= TRY IT =
With pictures omitted, restate the data word for word.

(Source records)
>>>

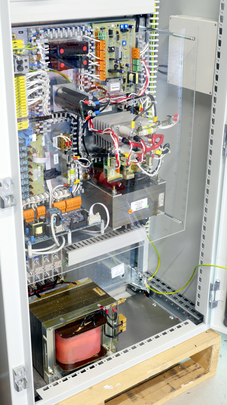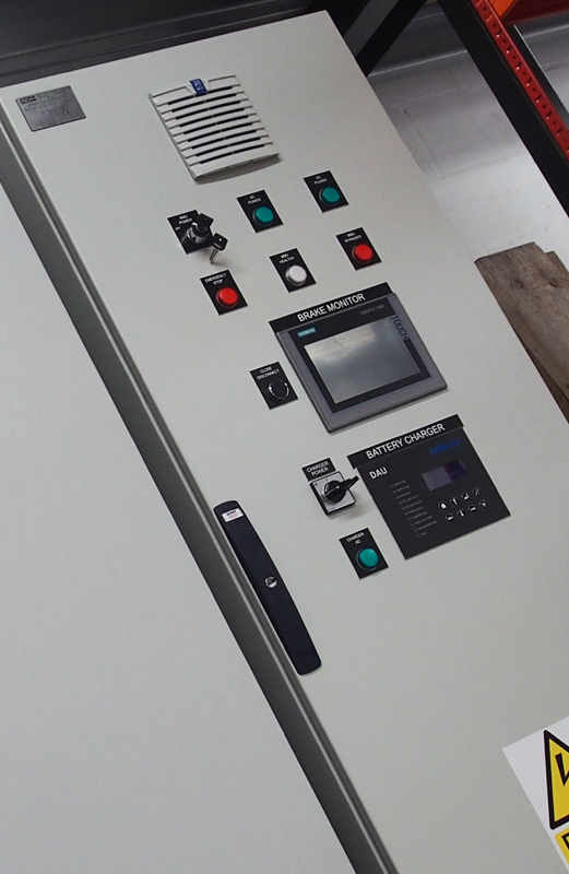 The Battery Charger converters the 240VAC input into a 272 DC voltage connected in parallel to the load of the brake coils to trickle charge the batteries when not in use. There is also a 2 hour boost function which will increase the charge voltage to 286VDC. The maximum charging current will be 6A allowing for a controlled and reliable charge.
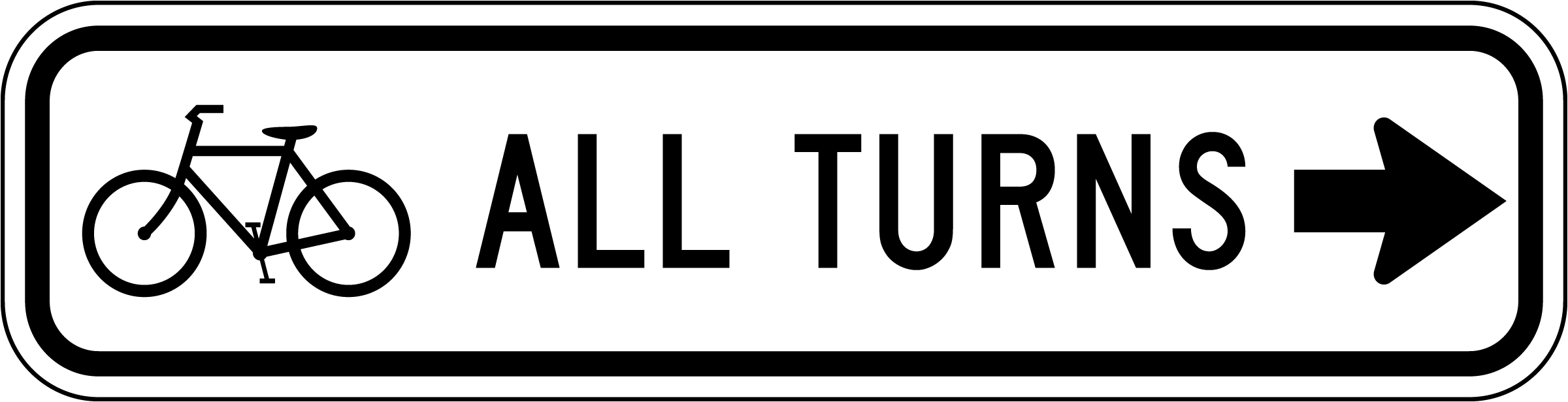 This Bicycle All Turns Right Arrow Sign helps cyclists navigate turns by indicating a designated turning path. It ensures safe and predictable movements for all road users. Typically placed at intersections and bike-friendly streets, this sign promotes safer cycling navigation.
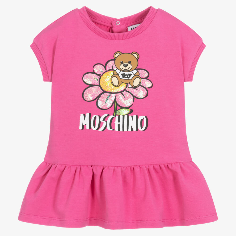 Fuchsia pink sweatshirt dress for little girls by Italian brand Moschino Baby, made in a soft, comfortable cotton jersey. It has the brand's iconic Moschino Teddy Bear logo printed on the front, with an iridescent sequined flower. There are useful popper fastenings on the back.
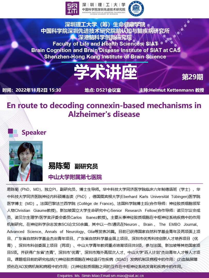 由中山大学附属第七医院,易陈菊副研究员带来“En route to decoding connexin-based mechanisms in Alzheimer's disease”的专题讲座。
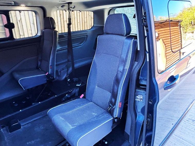 This GM Coachworks converted Ford Transit Custom Wheelchair Accessible Vehicle (WAV) has 4 Seats (2 Front and 2 Rear). Equipment includes Wheelchair Ramp, Air Conditioning, Electric Front Windows, Electric Adjustable Wing Mirrors, Power Steering, Remote Central Locking, Tinted Rear Windows.
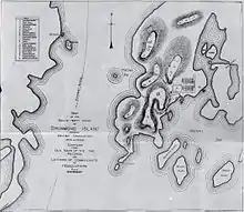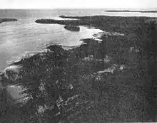 A lime quarry and kiln is located south of the town; this location was likely used to produce mortar for the chimneys. A saw mill was also located north of the town; this may or may not have been contemporaneous with Fort Drummond, but evidence of sawn logs in the fort buildings was confirmed.[12] Some of the islands in Whitney Bay were also used by the fort, with the fort surgeon living on one and another used for artillery target practice.[17]
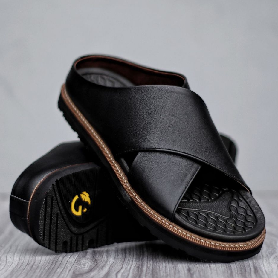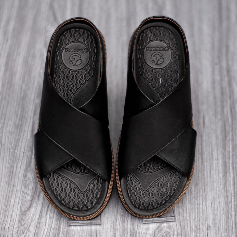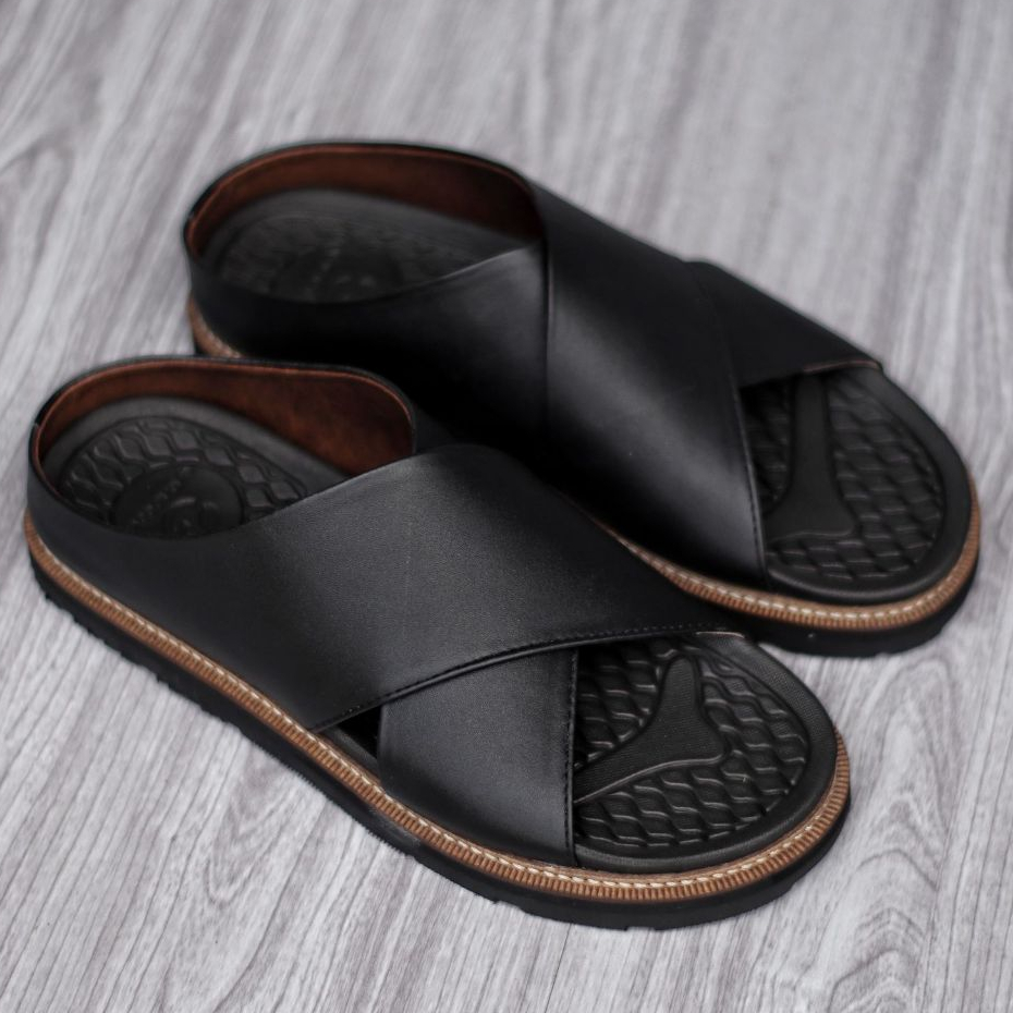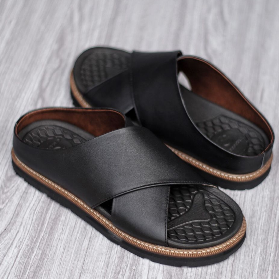 Sandal Slide Pria Kulit Coklat Hitam Premium Quality - Sendal Slop Pria DERIO

<<<

= PROBLEM SOLUTION =
 The Battery Charger converters the 240VAC input into a 272 DC voltage connected in parallel to the load of the brake coils to trickle charge the batteries when not in use. There is also a 2 hour boost function which will increase the charge voltage to 286VDC. The maximum charging current will be 6A allowing for a controlled and reliable charge.
 This Bicycle All Turns Right Arrow Sign helps cyclists navigate turns by indicating a designated turning path. It ensures safe and predictable movements for all road users. Typically placed at intersections and bike-friendly streets, this sign promotes safer cycling navigation.
 Fuchsia pink sweatshirt dress for little girls by Italian brand Moschino Baby, made in a soft, comfortable cotton jersey. It has the brand's iconic Moschino Teddy Bear logo printed on the front, with an iridescent sequined flower. There are useful popper fastenings on the back.
 由中山大学附属第七医院,易陈菊副研究员带来“En route to decoding connexin-based mechanisms in Alzheimer's disease”的专题讲座。
 This GM Coachworks converted Ford Transit Custom Wheelchair Accessible Vehicle (WAV) has 4 Seats (2 Front and 2 Rear). Equipment includes Wheelchair Ramp, Air Conditioning, Electric Front Windows, Electric Adjustable Wing Mirrors, Power Steering, Remote Central Locking, Tinted Rear Windows.
 A lime quarry and kiln is located south of the town; this location was likely used to produce mortar for the chimneys. A saw mill was also located north of the town; this may or may not have been contemporaneous with Fort Drummond, but evidence of sawn logs in the fort buildings was confirmed.[12] Some of the islands in Whitney Bay were also used by the fort, with the fort surgeon living on one and another used for artillery target practice.[17]
 Sandal Slide Pria Kulit Coklat Hitam Premium Quality - Sendal Slop Pria DERIO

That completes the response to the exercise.